Nucky’s final words in "Family Limitation" seemed to echo the sentiments of the show in general. Every week, Boardwalk Empire really, really tries to be good, but it rarely accomplishes that goal.
This week, the show’s progress in Chicago overshadowed the main plot in Atlantic City. With some interesting developments for Jimmy and Capone and some confusing thoughts on women’s liberation for Margaret, the episode was mostly enjoyable.
Margaret poses an interesting problem for Nucky. She attracts his attention at first by being a sweet, simple mother and wife. She keeps him engaged through her quiet dignity and outspoken intelligence.
But she finally nabs him by playing the manipulative female who disrupts his business when she’s not given enough attention (sort of like Lucy). She doesn’t seem to struggle much with the decision to be his “kept” woman.A visit to Mrs. McGowery is much more positive that I would have expected. With women’s suffrage and all, it seems that each woman has the right to choose her lifestyle according to McGowery. But is her situation really a fair comparison to suffrage? Having to choose between being a poor widow or a comfortable concubine doesn’t seem like much of choice, and it hardly seems empowering that Margaret can make this decision without worrying about the scrutiny of her neighbors, especially since Edith does in fact label her a whore.
Is Margaret suppose to be a model of independence for her time?

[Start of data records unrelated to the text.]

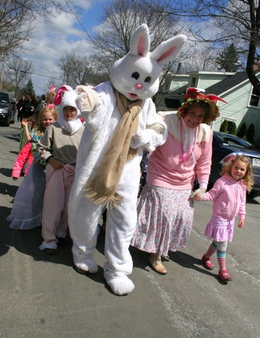 Mr, and Mrs. Bunny lead Julia Bohm, Tara, Tess and Lincoln Dilorenzo and the rest of the kids down Pioneer Street in Cooperstown for an Easter parade and tea at the Tunnicliff Inn.
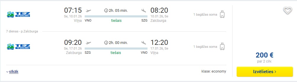Datumi: 10.-17.01. 100 EUR turp un atpakaļ vienam cilvēkam vai 200 EUR diviem
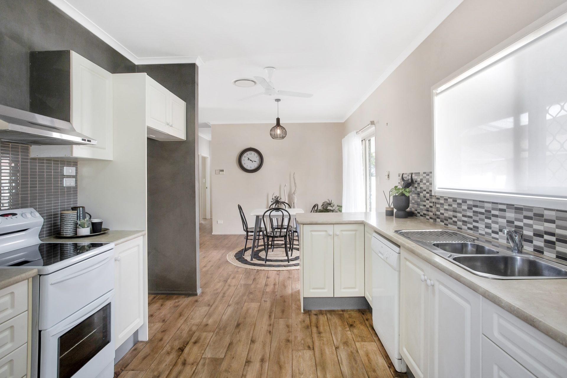 – galley style kitchen with Hamptons style cupboard profiles
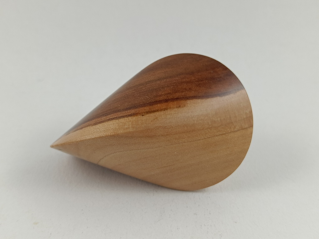 Das oben gezeigte Oloid ist ein Einzelstück und kann wegen den einzigartigen Merkmalen des Holzes nur einmal hergestellt und verkauft werden.

About the only thing I can be sure about when it comes to femininity in this period is that contraception seems really dangerous (Lysol?!?) despite being so “advanced.”

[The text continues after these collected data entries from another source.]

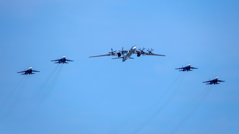 Bombers face uphill battles when they're on an attack mission because of their speed and size compared to faster and more agile fighter jets. If bombers are detected on radar, it can be difficult to accomplish a bombing run. It doesn't help that something that's nearly 160 feet long with a wingspan that's just as large is hard to hide from radar. Old bombers, which the Tu-95 is, despite still flying for Russia, typically had a tail gunner to handle enemy aircraft. However, this monstrous airplane has several tricks up its sleeve that keep it on the active roster.
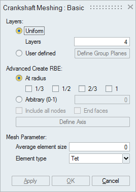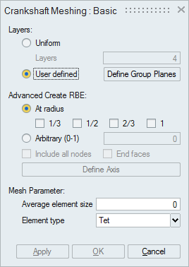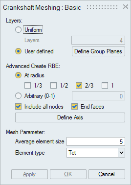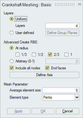 If there are oil holes present in the crank model, no hex/wedge elements will be created.
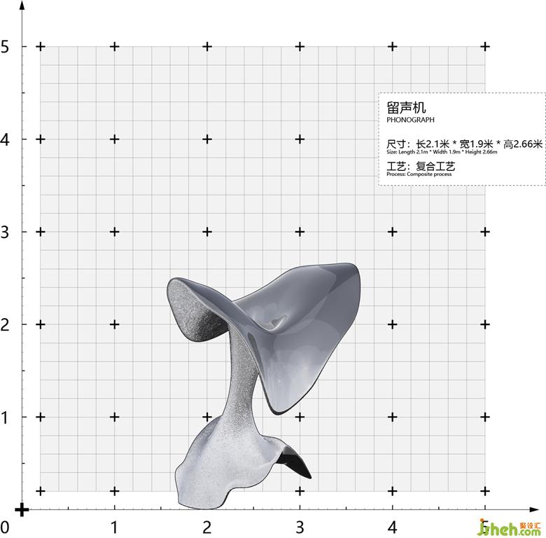 留聲機,記錄聲音也播放聲音。傳統(tǒng)留聲機的形象通常帶有一個巨大的喇叭狀揚聲器,我們將其記錄并回放的能力作為意象與喇叭的造型結(jié)合在一起,打造了一個夢境的記錄者裝置,將這次不可思議的游覽默默印刻收藏下來。

Van Alden seems to take on the suffering for Margaret’s decision to live in sin with Nucky. His obsession with Margaret is slightly exposed by his superiors when his decision to pull her immigration record is questioned, but that doesn’t compare to the creepiness of his final scene this episode.

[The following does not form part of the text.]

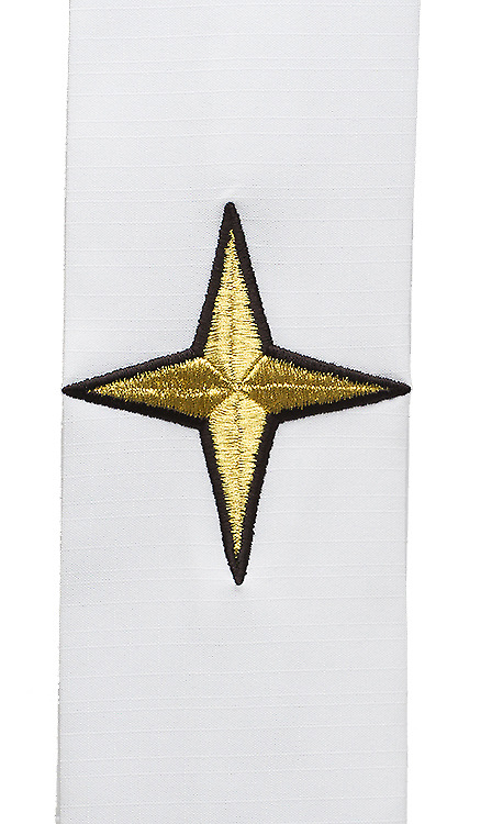 This beautiful bookmark features a 100% emboridered star on 100% polyester cathedral fabric.

After hearing from her neighbor that Margaret has moved out (in a fancy car, no less) and that she’s being labeled a whore, Van Alden whips his back with his own belt while gazing at her immigration photo. The scars on his back indicate that this self-flagellation is a long-term habit; however, this beating seems more for Margaret’s sake than his own.
This fixation on Margaret is beyond disturbing and seems dangerous, but to whom?
In Chicago, the rising tension between Jimmy and Capone made for the most interesting scenes of the night. Early on, it’s clear that Jimmy has his doubts about Capone’s military service, but he doesn’t question his fellow gangster until Capone’s teasing becomes a little too public.
Bitter over his failed attempt to keep Sheridan’s men in line, Capone is even more resentful that Jimmy’s plan worked, and that Torrio is so appreciative of Jimmy. In this quiet battle for supremacy, Capone shows his penchant for being in charge, whether it’s at work, at home, or in his elaborate lies. However, he knows when to back down and brings Jimmy some steaks to apologize for his boozy comments.
Capone is quick to point out that Jimmy shouldn’t make him look bad in front of his men because you don’t do that to buddies. Jimmy expresses some hesitancy over applying that term to their relationship and it leads to an interesting exchange:
“What did you think we were? - Al
"Accomplices". - Jimmy
"Well, it’s the same thing, right?” – Al
Indeed, the two are really stuck together, but mostly by choice. I will say that it's good to see that Jimmy didn’t forget about Pearl so easily and used his goodwill with Torrio to ensure that she would be avenged, while expanding Torrio’s territory. And he is still being a supportive father, sending money to Angela with a note reading “To use as you see fit.”
As for Nucky, does anyone still care about this road? This is supposed to be his “big plan” for the season, but most of the setup has been pretty dull.